If a column is only just the one byte, then it can’t really be compressed as the prefix related overheads would likely make the exercise pointless, right ?

Well not quite …

True a larger column that is heavily repeated will yield a better return from compression than a smaller column, but even a single byte column could be effectively compressed, IF there are sufficient repeated values per index leaf block.

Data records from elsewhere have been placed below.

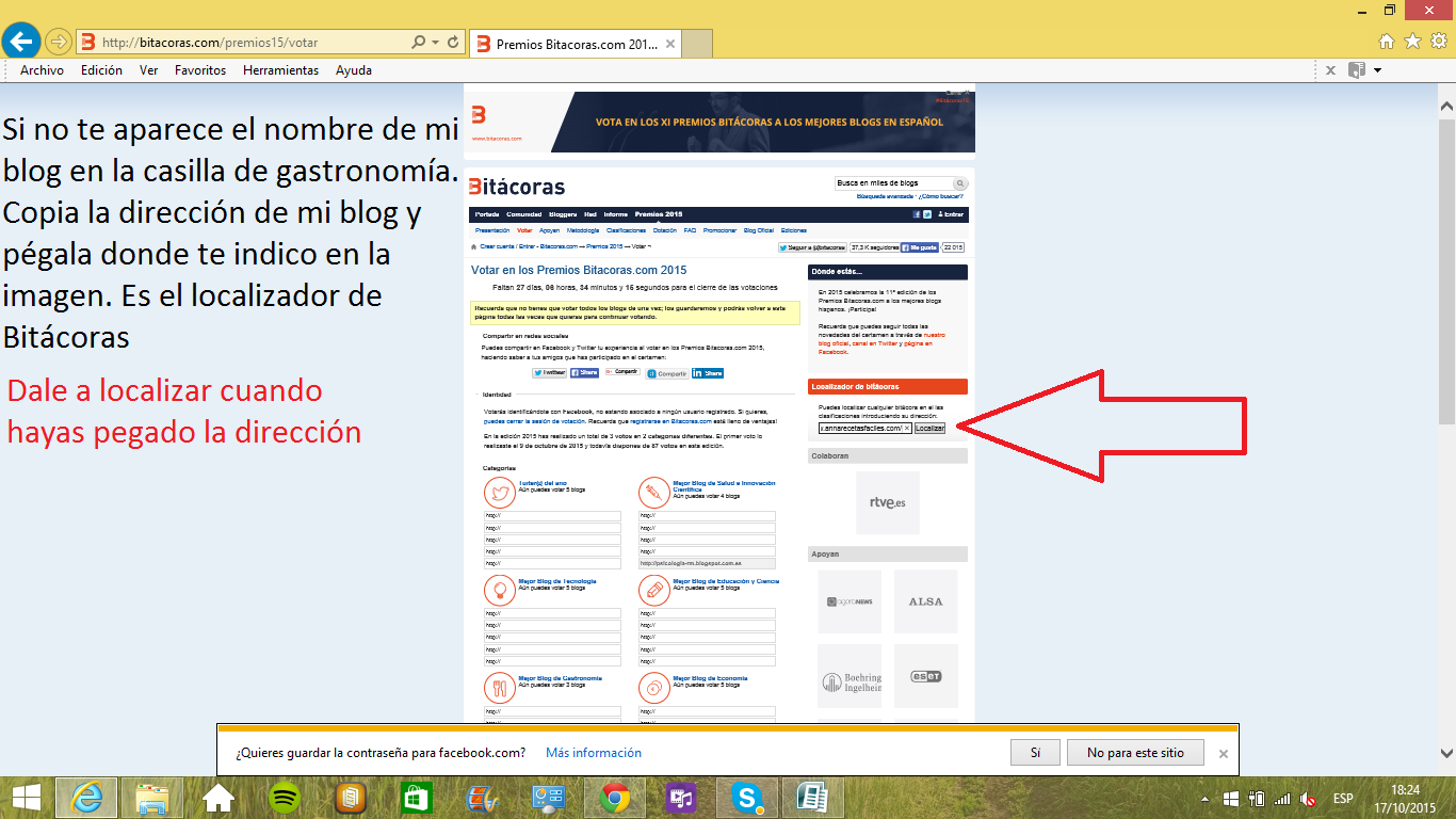 Paso 1. En la imagen de cabecera de esta «RECETA» dice VOTAR AQUÍ puedes pinchar la imagen o el logo de los premios Bitácoras que tienes arriba a la derecha. Desde el teléfono, pincha mi imagen y te resultará más sencillo, ya que no se ve el logotipo de los premios Bitácoras.
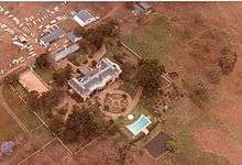 On 21 November 1925 Jimbour House was formally re-opened with a fund raising fete for Dalby Hospital. This commitment to work for the well being of the community has been continued by the Russell family. Wilfred Russell died in 1932, and the management of Jimbour passed to his son Charles Russell and Charles' wife Hilary.[2] In the 1930s, two large wooden pergolas over the drive at each end of the house and four smaller pergolas in the rose garden were erected, and the rose garden was divided into the four quadrants that now define it. In 1938, the drive was constructed from the front gate to the water tower, and jacarandas and shrubs were planted along both sides.
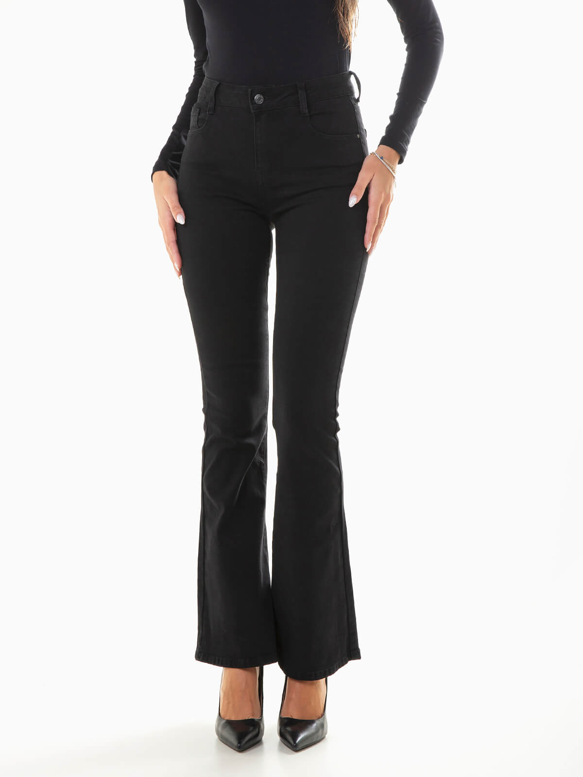 Calças ganga pretas à boca de sino para mulher. Calças elásticas de cintura alta com 5 bolsos. Aperto fecho éclair e botão.
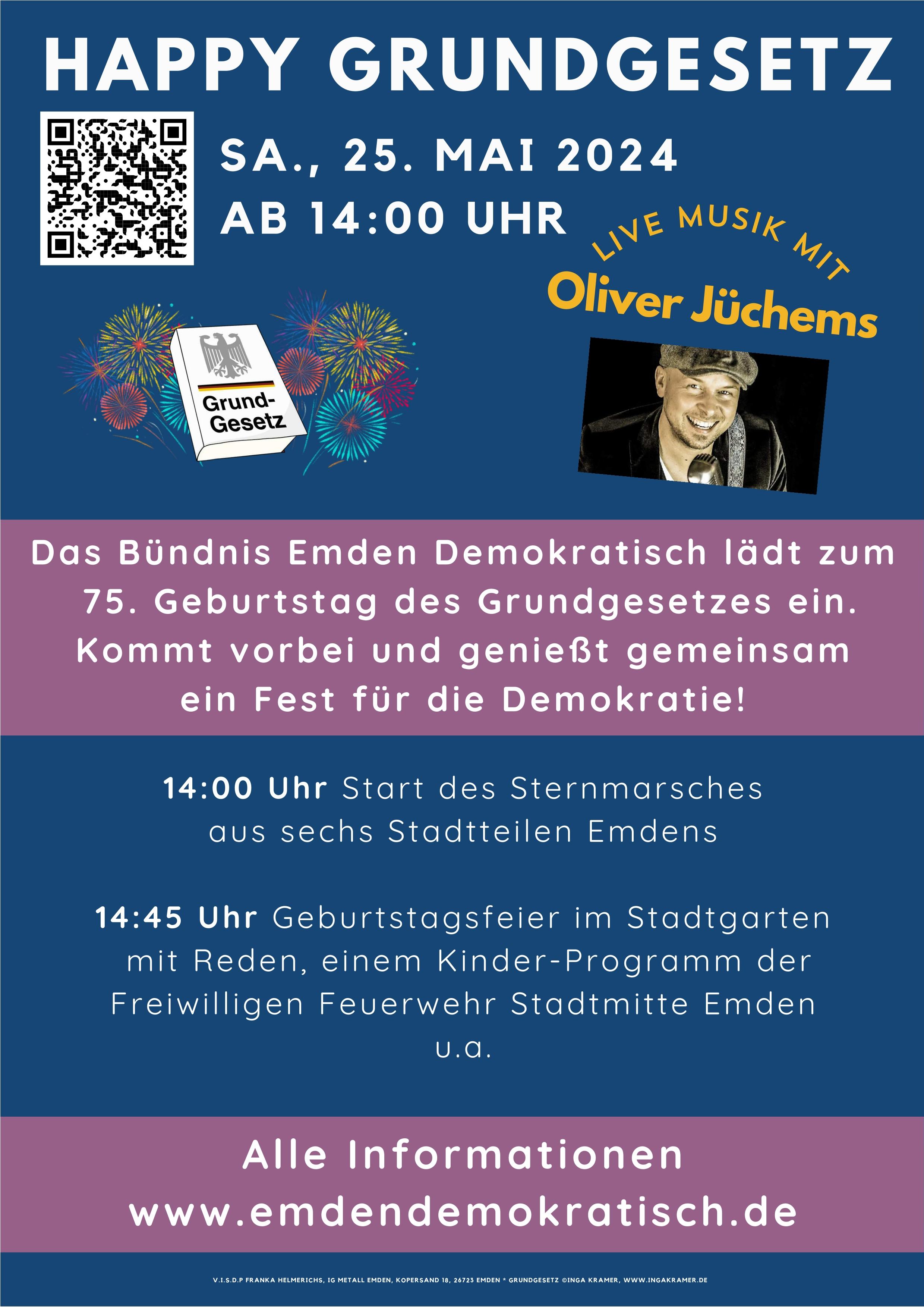 Das Bündnis Emden Demokratisch lädt zum 75. Geburtstag des Grundgesetzes ein. Kommt vorbei und genießt gemeinsam ein Fest für die Demokratie! Samstag 25.Mai 2024 Ab 14:00 Uhr

Previously, I illustrated a logical representation of how Oracle compresses a block. The following is more of a physical representation of a compressed block:

Prefix 0: David Bowie

0:0

  : ROWID

1: 0

  : ROWID

2: 0

  : ROWID

3: 0

  : ROWID

4: 0

  : ROWID

Prefix 1: David Jones

 

 

5: 1

 

  : ROWID

6: 1

  : ROWID

7: 1

  : ROWID

Remember, only the leading columns in an index can be compressed and index row entries must be sorted by these leading columns. Therefore each prefix entry is referenced by one or more logically consecutive index row entries and each index row entry can only have the one index prefix. The corresponding prefix for a specific index row entry is therefore simply the prefix entry that precedes it within the leaf block.

If we look at sample prefix entries:

prefix row#0[8030] flag: -P—-, lock: 0, len=6
col 0; len 3; (3):  c2 08 43
prc 1
prefix row#1[8015] flag: -P—-, lock: 0, len=6
col 0; len 3; (3):  c2 08 44
prc 1

Note that the prefix row#0 starts at address 8030 while the next prefix entry row#1 starts at address 8015. That’s a total of 15 byes and yet the length of the prefix entry is just 6. Where’s the other 9 bytes ?

Well note the prc value for prefix row#0 is 1 meaning this prefix entry is only referenced by the one index row, as is the next prefix entry as well.  The leading column in this particular example is actually unique meaning each and every prefix entry only has one corresponding index row.

If we look at the corresponding row entry, guess what it’s length will be …

row#0[8021] flag: ——, lock: 0, len=9
col 0; len 6; (6):  04 81 aa 8b 00 69
psno 0
row#1[8006] flag: ——, lock: 0, len=9
col 0; len 6; (6):  04 81 aa 8b 00 6a
psno 1

If you guessed 9, well done. Note that it’s starting address is 8021, which is the starting address of the previous entry 3015 + 6 bytes for the prefix entry which equals 8021 (as Oracle actually fills index blocks from the “bottom up”). Note that index entry row#0 has a psno of 0 meaning it’s corresponding prefix entry references prefix row#0.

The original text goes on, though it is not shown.